I thank God for them everyday. My male just turned 14 in Aug and my female will be 8 in Dec. They bring me so much joy! I really dont know what I would do without them.

I just wrote a long response to you and lost it, Tina. My cursor loves to jump around and if it lands in a small rectangular blue box below the typing area of this box, your message is erased! And it happens to me a lot because I wear wrist wraps and they seem to hit the wrong key, sending the stupid cursor down into that stupid box.

I wanted to add that I too have been admiring your two little Fluffernutters for some time now. They are absolutely adorable! I can see how much positive energy you get from them and vice versa. You are kind of glowing as you hold them.

Are they Malteses? I absolutely love them! Just sweet as can be, like little teddy bears.

Well, gulp, my sis and I combined households and we have...6 dogs between us. Three chihuahuas for me, 2 cockapoos and a dachapoo for her. But we actually all share and the dogs love us all the same and vice versa. It's one big happy dog family! I will add that they're all small dogs. Some are teensy.
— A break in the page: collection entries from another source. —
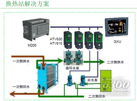 施耐德电气御程系列变频器AVT6X0/9X0系列低压变频器凭借业界极端环境下运行和10年长寿命设计,配合M200PLC和GXU系列触摸屏成为换热站最优解决方案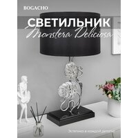 Купить Настольный светильник Bogacho Monstera Deliciosa на высокой ножке с абажуром для украшения интерьера спальни и гостиной с доставкой по всей России.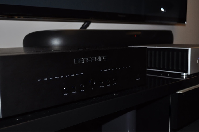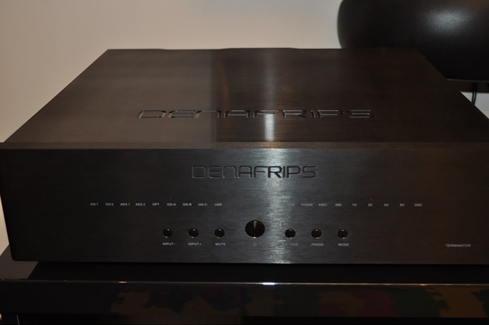 У конвертера почти все возможные цифровые входы, здесь Denafrips решили по максимуму укомплектовать старшую модель ЦАП, а именно: RCA, BNC, 2xAes/Ebu, Amanero USB, 2хTOSlink, 2хi2s RG45 и i2s HDMI (lvds по стандарту PS Audio). Два режима NOS/OS, на каждый режим сделаны по два фильтра. Инструкции детальной нет и что в режиме NOS можно менять фильтр я обнаружил только спустя две недели. Что именно в этом режиме служит фильтрацией мне неизвестно, но изменения звука вполне явные. В конвертере нет предусилителя, экрана, пульта, сетевого входа Renderer, AirPlay и не одного предохранителя. На мой вопрос Denafrips “почему?”, я получил вполне ожидаемый ответ, компания старалась свести к минимуму любое негативное влияние на звук. ЦАП приехал совершенно непрогретый и недели две прогревался с небольшими перерывами, звук “ломало” прилично. У моего источника имеются цифровые выходы Coax, Aes/Ebu, i2s HDMI. Наилучшим для меня оказался i2s, по сей день пользуюсь именно им. Хотя Aes/Ebu тоже очень прилично звучит, но через i2s всё же разрешение повыше. Вход USB я не прогревал и один раз проверил в гостевой системе, в качестве транспорта был Versus MP. USB реализован хорошо, ничем не уступает более дорогим и именитым ЦАП, но ожидаемо хуже i2s или Aes. За месяц прослушивания Terminator не обнаружил каких-либо сбоев со звуком, нестабильной работы или чего-то подобного. Хочу отдельно отметить достаточно стабильные приёмники цифрового сигнала, а также XLR выходы 4,6VRMS. Громкость звука через балансные выходы громче чем у других ЦАП побывавших у меня ранее.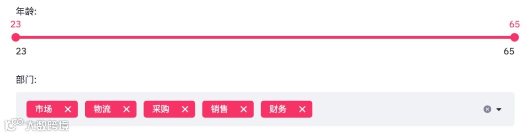 年龄是从23至65,部门则是市场、物流、采购、销售、财务这几个。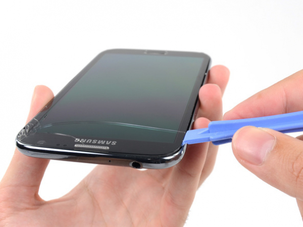 • When you get to the corner of your phone, gently move the plastic opening tool around it.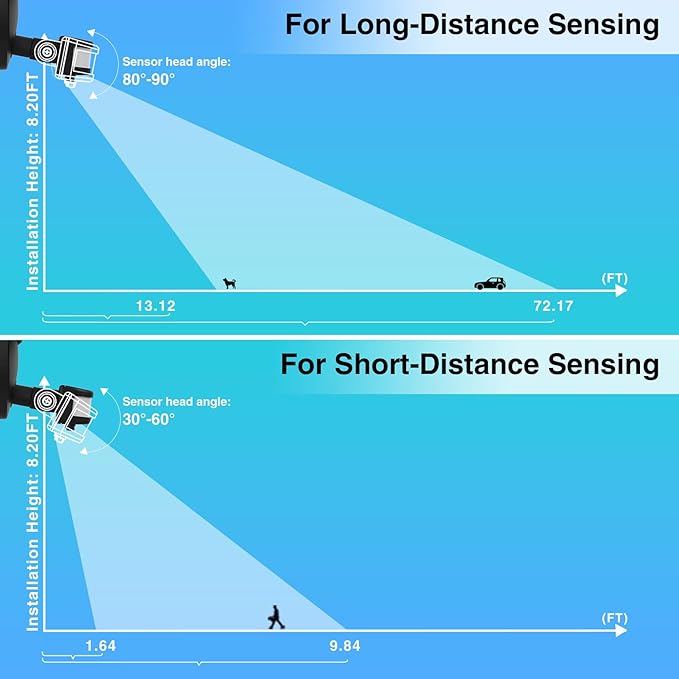 • Adjustable Sensing Mode: You can use the 3 knobs at the back of the sensor to adjust the detection distance, lighting duration and ambient brightness to activate the sensor. Setting the security light to work only at night or both day and night. 180° ultra-wide sensing range, 32.8ft sensing distance and 7~420S continuous illumination time provide you with a larger viewing area for an excellent nighttime experience. Tips: Not Solar Powered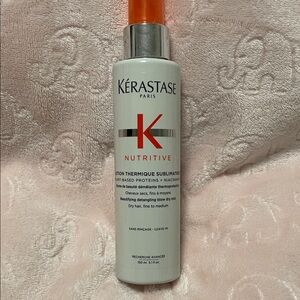 Kerastase Nutritive Lait Vital and Lotion Thermique Sublimatrice. Nourishing hair care duo. Enhances softness and shine.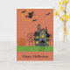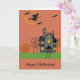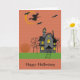 Cartão de Dia das Bruxas pintado de laranja com uma casa assustadora, uma bruxa, morcegos, fantasmas, e uma abóbora esmaecida. Design para crianças. Obrigados para Hungryjpeg e Creative Fabrica para alguns dos elementos do design.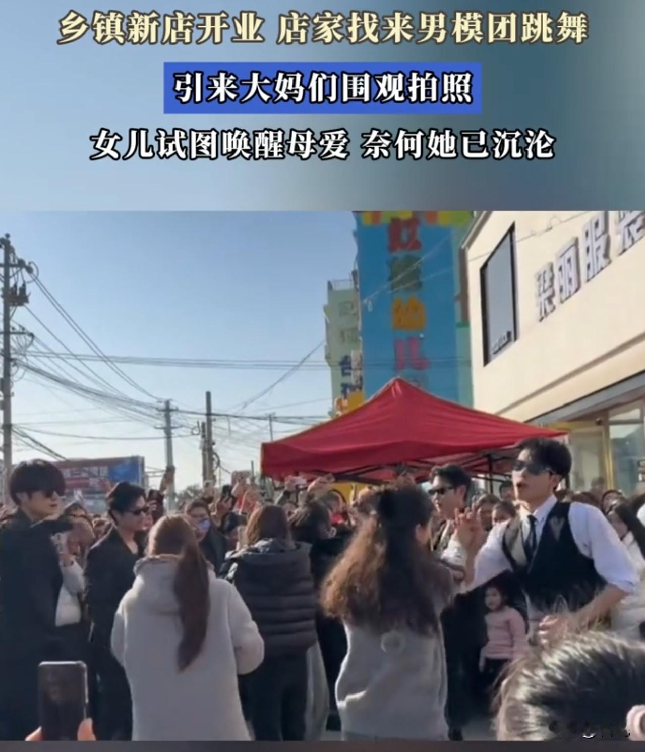 事实证明,无论多大的年纪,身份再转变,女人都有一颗少女心。 女儿试图唤醒母爱,可惜妈妈早已沉沦在男模团青春洋溢的舞姿里,一直拿着手机录视频。“怀春”的妈妈,女儿的呼喊,一个字也听不见,她的眼里只有西装革履在舞动的男模。 这宽肩窄腰,这大长腿,这帅气逼人的相貌,这撩拨的舞姿,看着就喜欢,我都迷糊了。事实证明好看的大家都喜欢。店家聪明,这波操作,热度起来了,客流量也来了。 孩子,一点眼力劲都没有,一边玩去,不要打扰美女姐姐们看帅哥!

Yes, they do give me so much strength to carry on, Tina. I feel as you do. I was bed-bound from my back pain for ages and my kids were there with me, day in and day out, giving me love and comfort. I love even feeling their soft, warm bodies pressed against mine.

It's good that you have your kids too during this dark time. They help to give you relief from the pain and depression. They love you without fail. What better of a friend could you ask for?

I had a dream…where we got a doctor and a rheumy and a pain doc down. We poked them and pinched them and bruised them and made them cry and beg us to stop… and we all stood there triumphantly saying …SEE!! SEE!! Now imaging that everyday all day!!!

I shouldn't laugh but...OMG, so many doctors deserve this treatment!

Betcha they'd have more empathy with us if we did it.

My counselor specialises in grief I think, my GP recommended her. She has helped with teaching me coping strategies and finding a good spin on things :) she's also helped me come up with ways to better communicate with my doctors and family about what I need. She's a great person if I just want to whine about something but don't want to bother my family.

Oh what an excellent resource! Love all of it. Wish I'd known of this resource earlier, as some people here really needed something just like this. Great suggestion!

Hope you are having a better day!

Wow, GOOD for you! You're absolutely right, of COURSE you know what anxiety feels like and when you AREN'T feeling anxious. I'm mentally fist pumping for you for not allowing him to tell you how you feel and give you another wrong dx. GOOD FOR YOU. Now go get him on Tuesday!